Larger architectures, such as Transformers, might require splitting the `forward` by using intermediate functions.

:::


### b. Tests and documentation

`nbdev` allows for testing and documenting the model during the development process. It allow users to iterate the development within the notebook, testing the code in the same environment. Refer to existing models, such as the real MLP model [here](https://github.com/Nixtla/neuralforecast/blob/main/nbs/models.mlp.ipynb). These files already contain the tests, documentation, and usage examples that were used during the development process.

## 3. Core class and additional files

Finally, add the model to the `core` class and additional files. This process should be done after exporting the model with the `nbdev_export` command.

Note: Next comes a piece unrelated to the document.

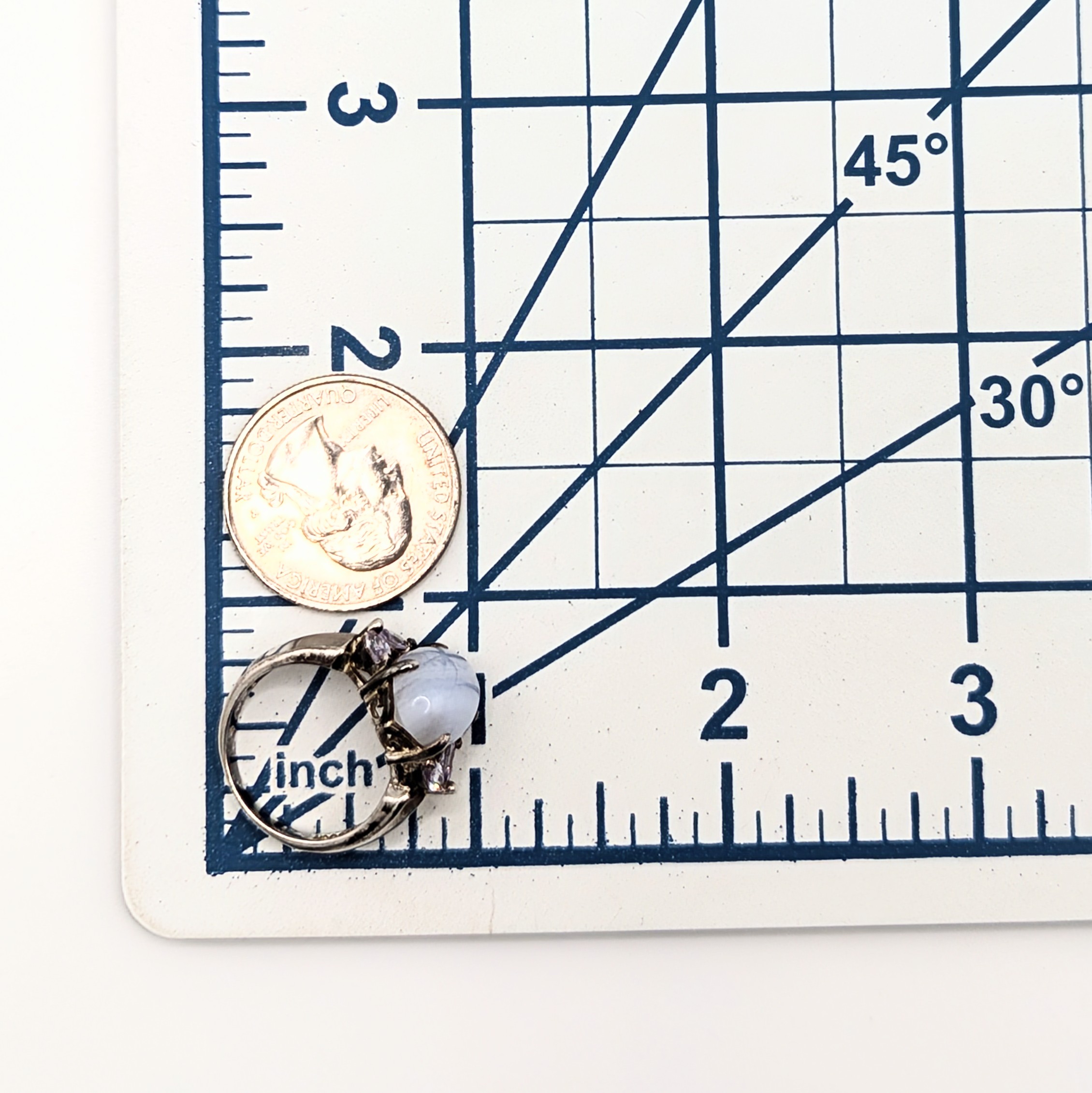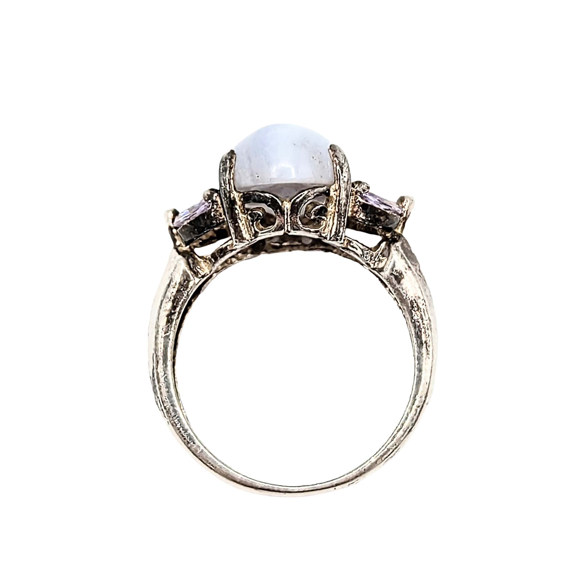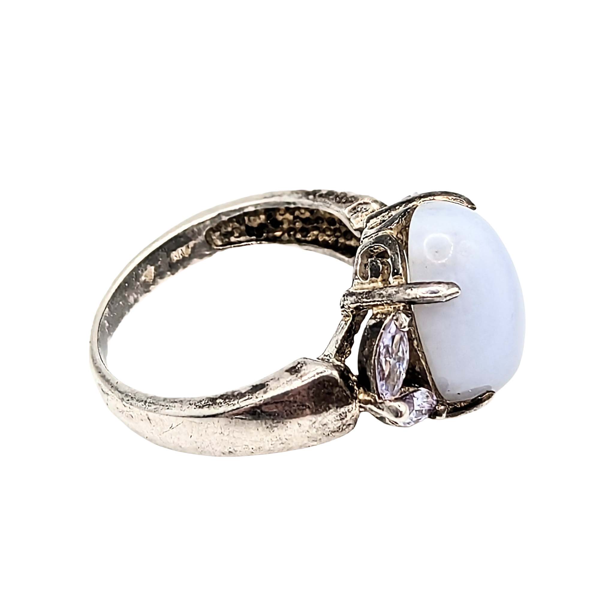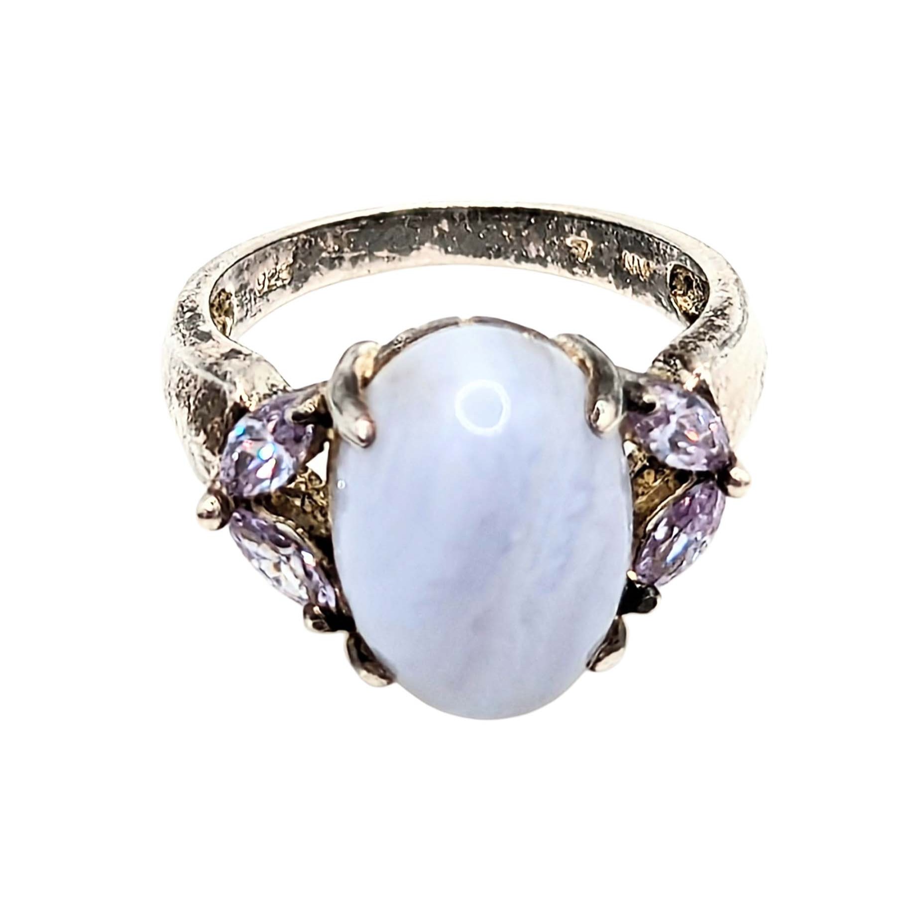 Sterling Silver Blue Lace Agate Topaz Ring Signed NV .925 Size 7 4.9g

1. Manually add the model in the following [init file](https://github.com/Nixtla/neuralforecast/blob/main/neuralforecast/models/__init__.py).
2. Add the model to the `core` class, using the `nbdev` file [here](https://github.com/Nixtla/neuralforecast/blob/main/nbs/core.ipynb):
    
    a. Add the model to the initial model list:
    ```python
    from neuralforecast.models import (
    GRU, LSTM, RNN, TCN, DilatedRNN,
    MLP, NHITS, NBEATS, NBEATSx,
    TFT, VanillaTransformer,
    Informer, Autoformer, FEDformer,
    StemGNN, PatchTST
    )
    ```
    b. Add the model to the `MODEL_FILENAME_DICT` dictionary (used for the `save` and `load` functions).

## 4. Upload to GitHub

Congratulations! Following the steps above the model is ready to be used in the library. 

Follow the steps in our contributing guide to upload the model to GitHub: [here](https://github.com/Nixtla/neuralforecast/blob/main/CONTRIBUTING.md).

One of the maintainers will review the PR, request changes if necessary, and merge it to the library.